ABOUT THIS EXERCISE
Copy the data below exactly, omitting any picture it contains.

AVAILABLE DATA
---
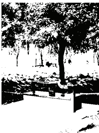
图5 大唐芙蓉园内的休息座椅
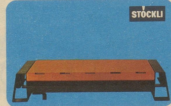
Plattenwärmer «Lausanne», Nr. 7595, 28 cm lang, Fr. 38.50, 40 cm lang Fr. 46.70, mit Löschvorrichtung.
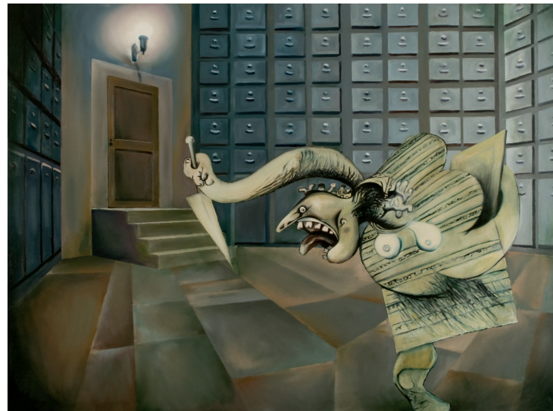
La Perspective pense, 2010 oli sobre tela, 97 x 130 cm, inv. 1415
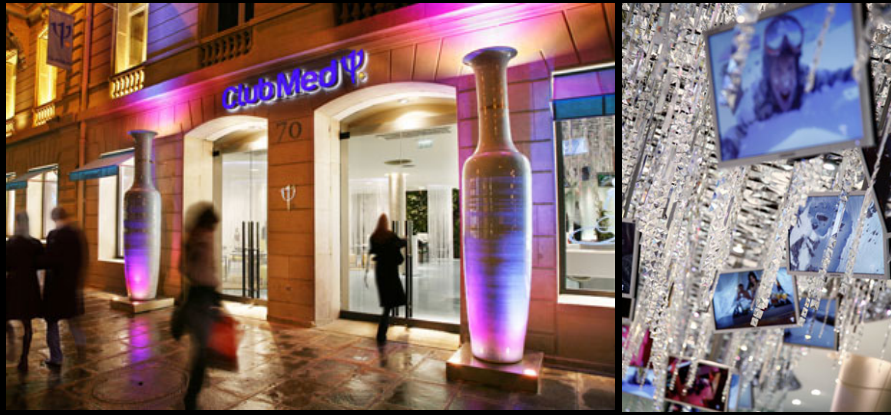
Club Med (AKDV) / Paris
---
REPLY TO THE TASK
图5 大唐芙蓉园内的休息座椅
Plattenwärmer «Lausanne», Nr. 7595, 28 cm lang, Fr. 38.50, 40 cm lang Fr. 46.70, mit Löschvorrichtung.
La Perspective pense, 2010 oli sobre tela, 97 x 130 cm, inv. 1415
Club Med (AKDV) / Paris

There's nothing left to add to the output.